Triggering Foreman itself via webhooks plugin


Hello everyone,

we have been using Foreman for some time now in our company, and it has proven to be a powerful tool. Recently, we upgraded to Foreman v3.1.1. While the “old” hooks plugin has worked nicely, we are now struggling with even the simplest use of the “new” webhooks plugin.

The goal is replace our old hook scripts with direct calls to the web API. There seems to be a lack of documentation on webhooks (see: Bug #31860: Write documentation for webhooks - Webhooks - Foreman). Also, the examples provided mainly describe how to trigger external APIs (e.g. Ansible Tower), not Foreman itself.

For instance, we need to manipulate host parameters after a host is created externally by vRealize Orchestrator. Below is a simple example of a shell script that distinguishes VM from hardware servers by host parameter.

We have hit a wall trying to rewrite this script as a webhook template with ERB. So far we are able to send a PUT request to /api/hosts/$ID, but setting one host parameter overwrites the whole array. We would probably need to split up @origin.params (Ruby) and translate it to host_parameters_attributes (API), but how to do this exactly?

Any hints on how to migrate scripts like this are appreciated. Maybe @lzap (highly recommended by @dirk) could provide more complex webhook examples?

Greetings from Germany

Foreman and Proxy versions:

Foreman and Proxy plugin versions:

Distribution and version:
RHEL 8.5

Other relevant data:


mac="$(sudo hammer --output=csv host info --name "${2}" --fields 'Network/MAC' | tail -n 1)"

# VMware MAC range
if [[ "$mac" =~ 00:50:56(:[0-9a-fA-F]{2}){3} ]] ; then

sudo hammer host set-parameter --host "${2}" --parameter-type 'boolean' --name 'virtual' --value "$virtual"
1 Like

Hi @dpenguins,

If I read this correctly, you want to set up a webhook that will listen to host_created event and then will be fired up to the Foreman itself to change the host’s parameter?

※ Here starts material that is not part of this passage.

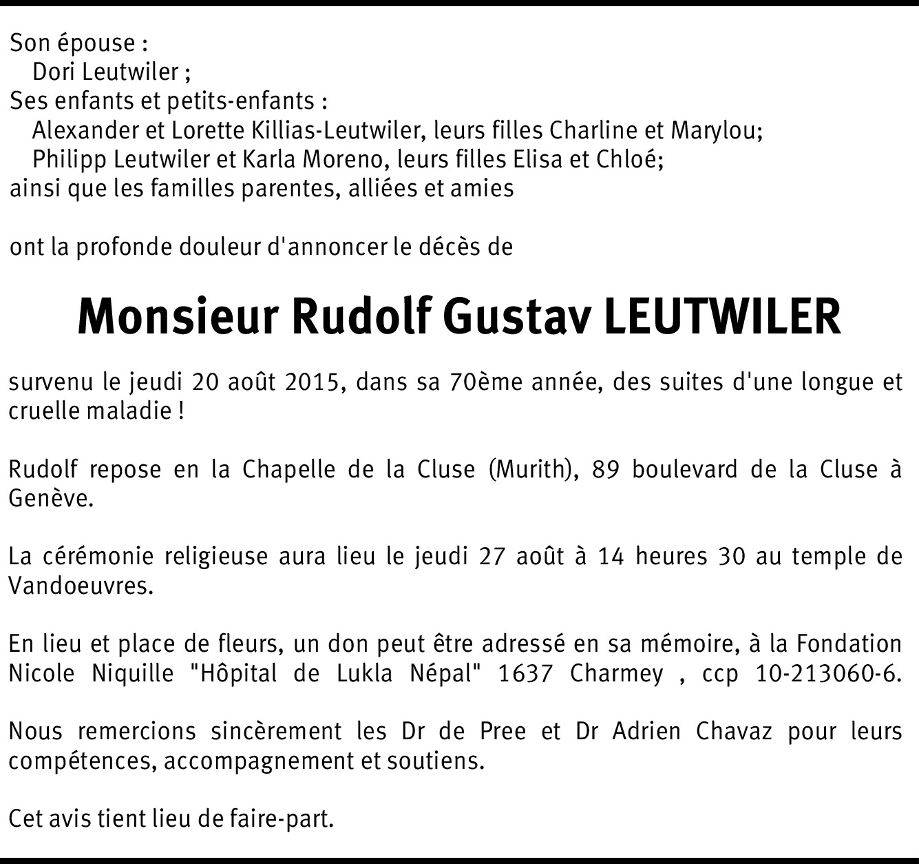 Vous souhaitez rester informé des nouveaux avis et condoléances pour ce défunt ?

The are two ways, both are quite equal in this case:

  • I
    • Create a webhook to listen to host_created event with taget url<%= %>/parameters
    • Create a webhook template associated to this webhook
    • In the body of the webhook template:
<%  virtual = @object.mac.match(/00:50:56(:[0-9a-fA-F]{2}){3}/) -%>
  "parameter": {
    "name": "virtual",
    "parameter_type": "boolean",
    "value": virtual ? true : false
  • II
    • Install shellhooks [1] plugin for the Smart Proxy
    • Place your script as an executable to /var/lib/foreman-proxy/shellhooks. You can actually use the provided one.
    • Create a webhook subscribed to host_created event with target url https://<foreman|proxy>
    • Set HTTP Method to be POST
    • Set Proxy Authorization in Credentials section
    • And to be able to use the hostname in your script, you need to pass it via Optional HTTP headers in Additional section, something like that should work:
  "X-Shellhook-Arg-1": "<%= -%>"

You can also find this/additional information here [2].

[1] -
[2] - Administering Foreman



Oh I closed the issue, it was a left over. Here is the documentation: Administering Foreman

Note that webhooks were specifically designed to call custom web hooks, not to call Foreman itself. Dealing with request parameters and headers is limited, the goal is to hand over the data so all the logic can be implemented in a custom webhook. We do provide shellhooks plugin for easy-to-do webhooks written as scripts.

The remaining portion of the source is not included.